— Ну что ты стоишь? Иди открывай!
Петя молча и виновато показал горшок, который он так и не вылил, а Лина, причесанная, умытая, слегка подрумяненная и напудренная, пожав плечом, прошла мимо него к двери, сказав негромко, так, чтобы только Петя слышал:
— Взялся, так уж делай!
Подойдя к двери, хмыкнула, рассмеявшись слегка:
— Интересно, кого это к нам черт принес?
Смех был как бы отчужденный от Пети, рассчитанный на посторонних. Открыв дверь, она встала вполоборота, так что Петя видел выражение ее лица. Словно и не было у нее только что хандры и печали, она улыбалась навстречу гостю, застрявшему в дверях криворотому мужчине в шляпе.
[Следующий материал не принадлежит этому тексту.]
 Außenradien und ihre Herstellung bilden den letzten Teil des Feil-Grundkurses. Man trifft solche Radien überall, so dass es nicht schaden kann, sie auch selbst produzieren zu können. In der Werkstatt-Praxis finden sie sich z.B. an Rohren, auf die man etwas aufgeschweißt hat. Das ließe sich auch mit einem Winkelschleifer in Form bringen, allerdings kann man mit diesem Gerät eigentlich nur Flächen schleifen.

Петя быстро, поражаясь своей недавней прострации, шмыгнул в туалет и аккуратно вылил в унитаз содержимое горшка. В прихожей слышался мужской голос, слегка гундосый и шепелявый, как показалось Пете. Он заколебался, удобно ли с горшком в руках перескочить на чужих глазах из туалета в ванную, не лучше ли отсидеться, но гость, похоже, никуда не двигался, и Петя решился. Не поворачивая головы в сторону входной двери, прошел в ванную, налил в горшок воды, быстро вернулся в туалет, вылил ее, поставил горшок около унитаза, снова проскользнул в ванную и вымыл руки. И только тогда вышел в коридор.
Лина и вошедший все еще толклись в прихожей. Высокий мужчина в плаще, как робеющий школьник, держал перед собой двумя руками шляпу и портфель, а Лина говорила ему:
— Вы к Розе Моисеевне? Так проходите, пожалуйста.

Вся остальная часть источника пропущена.